▶ [Instructions for the task]
Return the lines of the data below starting at the one holding "Caracteristicas: Add period-style" and ending at the one holding "今朝の日経新聞にブラックベリー復活って見出しでそこそこ大きな記事あるね", word for word, leaving every picture out.
# # # # # # #
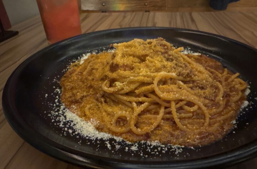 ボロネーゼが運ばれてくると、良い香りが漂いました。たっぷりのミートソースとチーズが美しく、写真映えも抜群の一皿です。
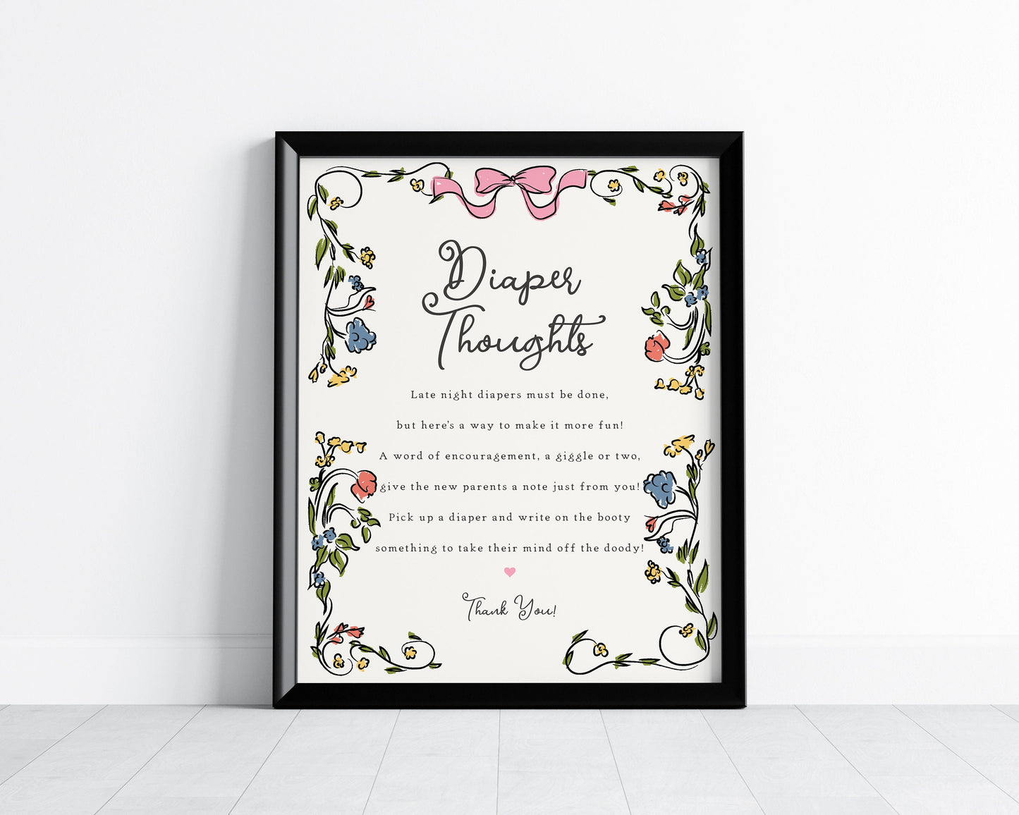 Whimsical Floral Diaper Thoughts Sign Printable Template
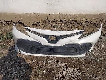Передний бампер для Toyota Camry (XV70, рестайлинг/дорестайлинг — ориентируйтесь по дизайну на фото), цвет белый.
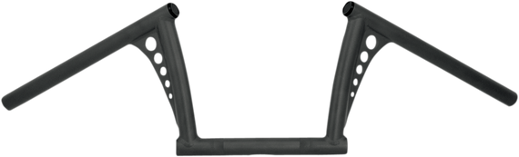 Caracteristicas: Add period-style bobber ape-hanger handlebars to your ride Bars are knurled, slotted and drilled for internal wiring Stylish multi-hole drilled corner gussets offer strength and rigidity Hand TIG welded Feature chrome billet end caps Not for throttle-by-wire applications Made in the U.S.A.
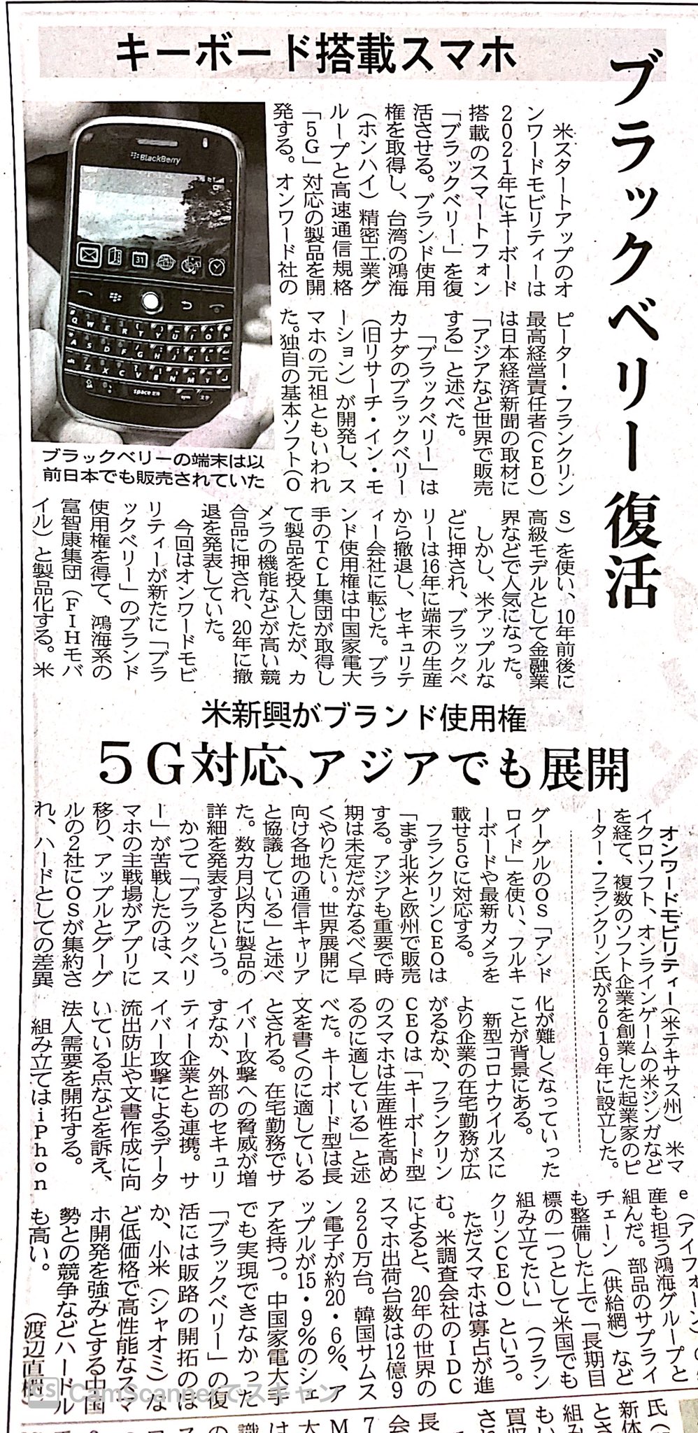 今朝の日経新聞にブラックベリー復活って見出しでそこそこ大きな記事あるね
# # # # # # #
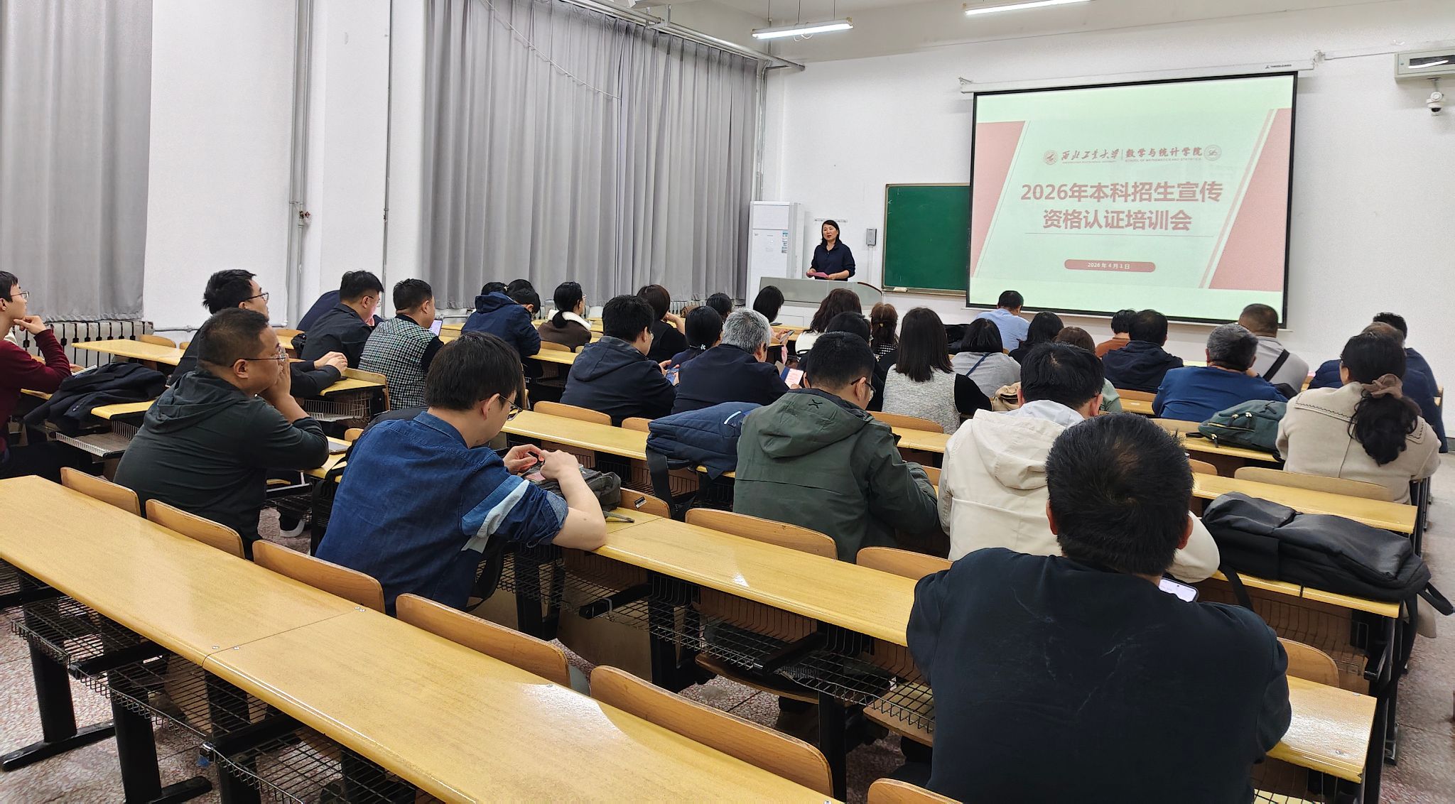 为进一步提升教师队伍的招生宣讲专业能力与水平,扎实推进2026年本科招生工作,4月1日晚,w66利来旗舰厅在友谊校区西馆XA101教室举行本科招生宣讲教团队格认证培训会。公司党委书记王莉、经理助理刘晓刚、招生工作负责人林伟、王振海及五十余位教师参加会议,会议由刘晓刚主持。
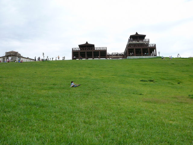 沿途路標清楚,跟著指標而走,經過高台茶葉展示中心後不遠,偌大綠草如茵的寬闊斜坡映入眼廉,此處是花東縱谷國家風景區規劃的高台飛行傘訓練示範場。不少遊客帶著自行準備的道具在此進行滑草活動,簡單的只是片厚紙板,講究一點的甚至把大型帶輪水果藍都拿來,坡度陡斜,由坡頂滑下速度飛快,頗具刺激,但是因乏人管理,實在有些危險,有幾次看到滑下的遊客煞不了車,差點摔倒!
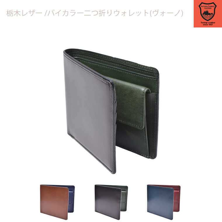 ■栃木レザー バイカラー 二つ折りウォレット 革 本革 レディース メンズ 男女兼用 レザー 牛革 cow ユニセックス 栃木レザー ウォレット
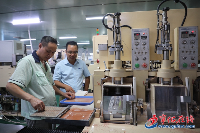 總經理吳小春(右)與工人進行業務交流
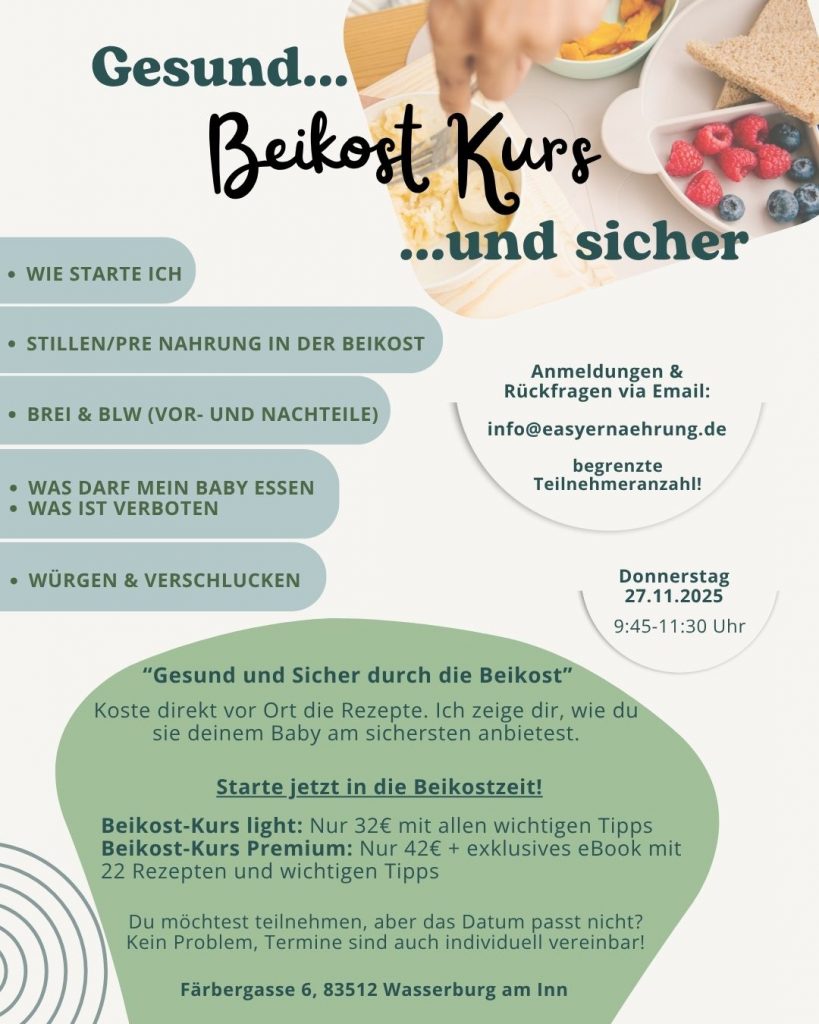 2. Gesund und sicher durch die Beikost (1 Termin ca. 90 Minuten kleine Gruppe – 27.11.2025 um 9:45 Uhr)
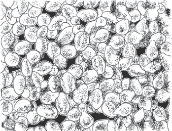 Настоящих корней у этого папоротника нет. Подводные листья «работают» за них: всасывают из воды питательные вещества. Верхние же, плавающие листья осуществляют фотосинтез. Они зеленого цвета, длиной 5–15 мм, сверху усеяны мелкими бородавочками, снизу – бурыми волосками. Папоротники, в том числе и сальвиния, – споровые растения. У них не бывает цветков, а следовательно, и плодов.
# # # # # # #
▶ [Result of this exercise]
 Caracteristicas: Add period-style bobber ape-hanger handlebars to your ride Bars are knurled, slotted and drilled for internal wiring Stylish multi-hole drilled corner gussets offer strength and rigidity Hand TIG welded Feature chrome billet end caps Not for throttle-by-wire applications Made in the U.S.A.
 今朝の日経新聞にブラックベリー復活って見出しでそこそこ大きな記事あるね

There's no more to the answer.